Все мы палачи, все, думал Эзра, и я, и Гирш, и даже Шахна: обрекли отца на одиночество – разлетелись кто куда. А ведь одиночество хуже смерти. Одиночество – это ее бессонница.
С отца мысли Эзры перекинулись на Гирша.
Ну чего, спрашивается, полез на рожон?
Бог вложил тебе в руки шило – так шей, тачай, не суйся не в свое дело, стисни зубы, если обидели, не смей проливать чужую кровь. Чепуху несет аптекарь Крапивников. Никакой день не станет вчерашним, если он залит кровью. Такой день всегда будет сегодняшним – и завтра, и через десять, и через сто лет.
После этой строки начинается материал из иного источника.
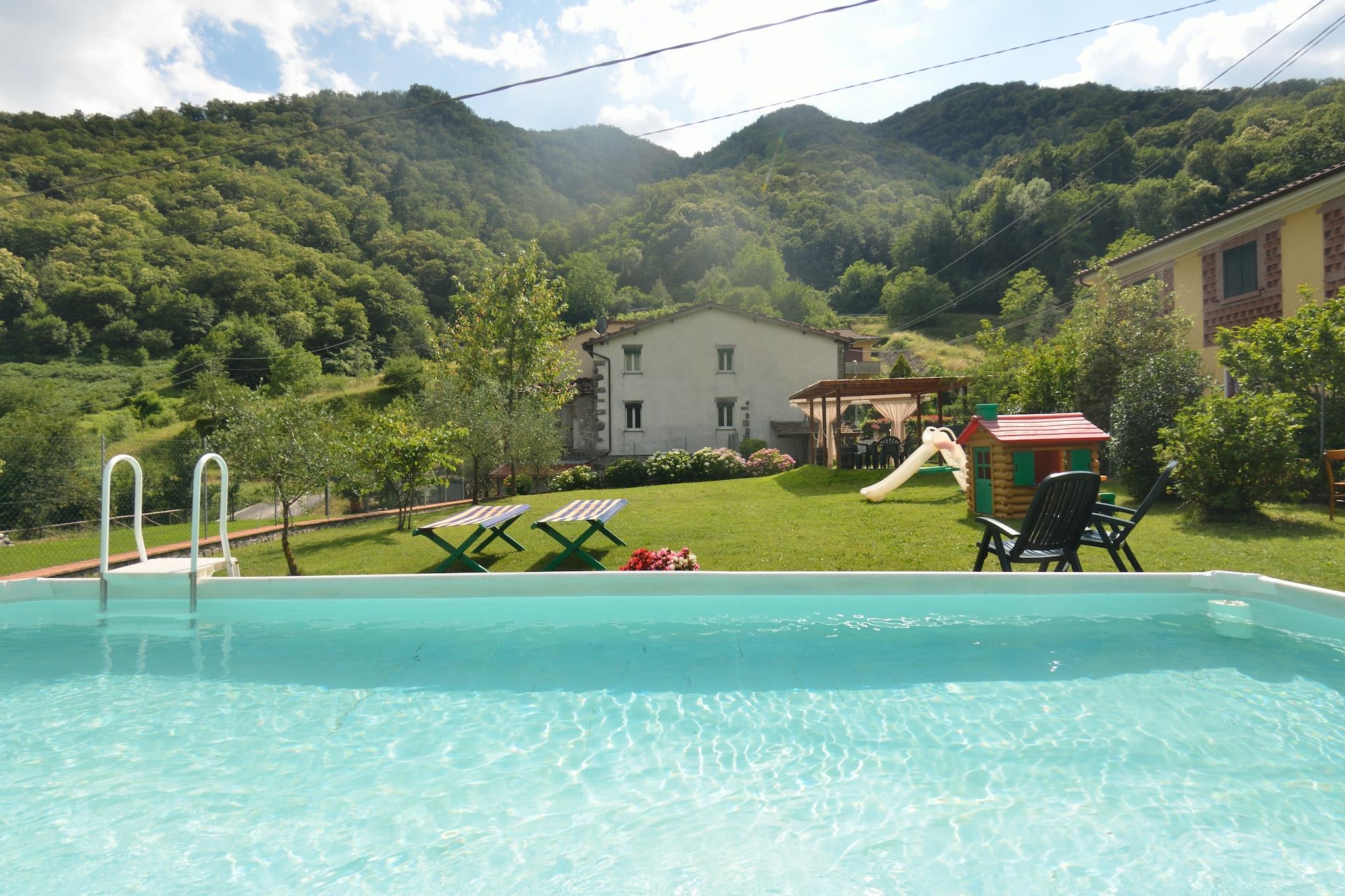 Denne charmerende villa i stueetagen har et stort køkken med komfur, ovn, køleskab med fryser og en dekorativ pejs; en hyggelig stue/spisestue med satellit-tv; og et funktionelt vaskerum. Ovenpå er der tre komfortable soveværelser (to dobbeltværelser, en tvilling) og et moderne badeværelse. Udenfor kan du nyde en overdækket privat terrasse og fuldt indhegnet have. Hjemmet er kæledyrsvenligt og udstyret med varme, aircondition, en barneseng, gratis Wi-Fi, parkering på stedet og en privat pool (6×3 m, åben juni-september). Villaen blander rustik karakter med moderne bekvemmeligheder: nyd al fresco-måltider på den møblerede terrasse, slap af i poolen, slap af ved pejsen og nyd den sikre have. Dette er et perfekt valg for familier, der rejser med kæledyr, og tilbyder privatliv og gennemtænkte faciliteter overalt. Beliggende kun 1,3 km fra lokale restauranter og kun 27 km fra den historiske by Lucca, er villaen omgivet af Serchio-dalen og de apuanske alper. Gæster kan besøge kastanjemuseet i det nærliggende Colognora for at udforske det traditionelle liv på landet og kastanjekulturen.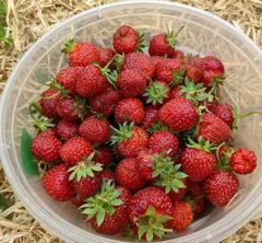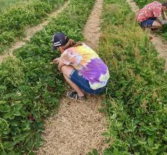 On nous annonce que 13 variétés de fraises sont disponibles à l’autocueillette, et que deux d’entre elles, la Veestar et la Wendy, sont prêtes à être cueillies. Bien que je sois familière avec la Wendy, je me laisse tenter par la Veestar, une petite fraise des champs, plus sucrée et idéale pour mes papilles. Nous pesons notre plat et nous dirigeons vers les champs.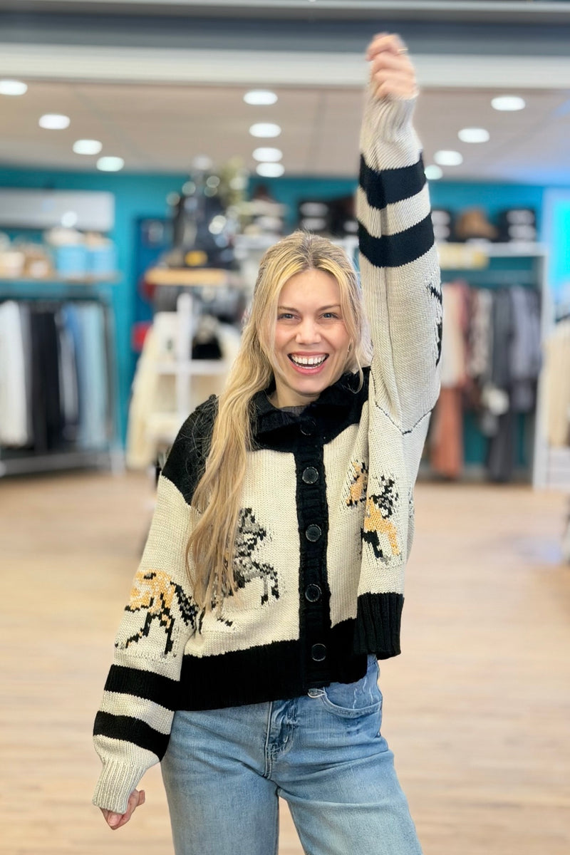 Cardigan With Horse Print - Black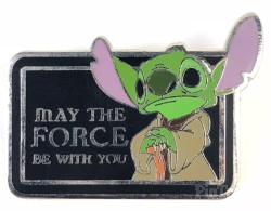 | This open edition mystery box features Disney Characters as Star Wars characters with quotes from the movie. This is a listing for a pin featuring Stitch as Yoda - "May The Force Be With You" Two pins per box |

Мысль о крови снова вызвала у Эзры приступ кашля. Юдл Крапивников придержал лошадь, чтобы седоков не так трясло, Данута очнулась от забытья, подтянула попону, привалилась к Эзре теплым здоровым телом.
– Я знаю, почему ты кашляешь. Ты думаешь не о том. Я тоже кашляю от плохих мыслей. Плохие мысли как ости. Их выдирать надо, – зачастил Крапивников. – Ты подумай о чем-нибудь другом. О хорошем… очень хорошем… Скинь свою хламиду… влезь в чужой кафтан… надень цилиндр… Представь, что ты – граф, а она – графиня, что вы не к государственному преступнику едете, а возвращаетесь из Парижа.
Кашель не унимался.
– Что с вами, граф? – поддавшись на уговоры Крапивникова, спросила Данута.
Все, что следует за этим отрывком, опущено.